Honors Contract Project • COSC 461 • Winter 2026

Connect 4 AI

Java game engine with two AI opponents (Min-Max and Monte Carlo Tree Search), plus a simulation harness for head-to-head analysis.

Java Min-Max Monte Carlo Tree Search OOP JUnit

Demo screenshot or video coming soon

Overview

Built as an Honors Contract for EMU's Introduction to Artificial Intelligence course, this project explores how two classical adversarial-search algorithms, Min-Max with alpha-beta pruning and Monte Carlo Tree Search (MCTS), perform on the same game under matched conditions.

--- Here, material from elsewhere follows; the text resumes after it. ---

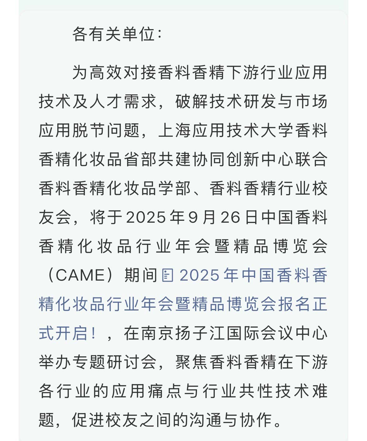 【9月26日,香约南京】关于举办“香料香精应用创新共性技术研讨会”的通知(第二轮)

The result is a working Connect 4 engine, two interchangeable AI opponents, and a simulation harness that runs hundreds of games between them to surface meaningful win-rate trends.

Approach

  • Developed a Connect 4 game engine in Java with clean OOP separation between board state, move generation, rules, and player agents, making algorithms swappable behind a shared Player interface.
  • Implemented Min-Max with alpha-beta pruning and a Monte Carlo Tree Search agent (selection, expansion, simulation, backpropagation) as the two AI opponents.
  • Built a simulation framework to pit the algorithms against each other over hundreds of games, varying depth/iteration budgets to analyze win-rate trends.
  • Wrote unit tests to validate move generation, terminal-state detection, and AI behavior under constrained budgets.

Results & Learnings

  • Authored an accompanying paper documenting algorithm performance, implementation challenges, and a comparative analysis of search strategies under fixed compute budgets.
  • Reinforced how the right design pattern (strategy + clean interfaces) makes swapping search algorithms a one-line change rather than a rewrite.
  • Gave me hands-on intuition for when MCTS's randomized rollouts catch up to (and overtake) Min-Max as game complexity grows.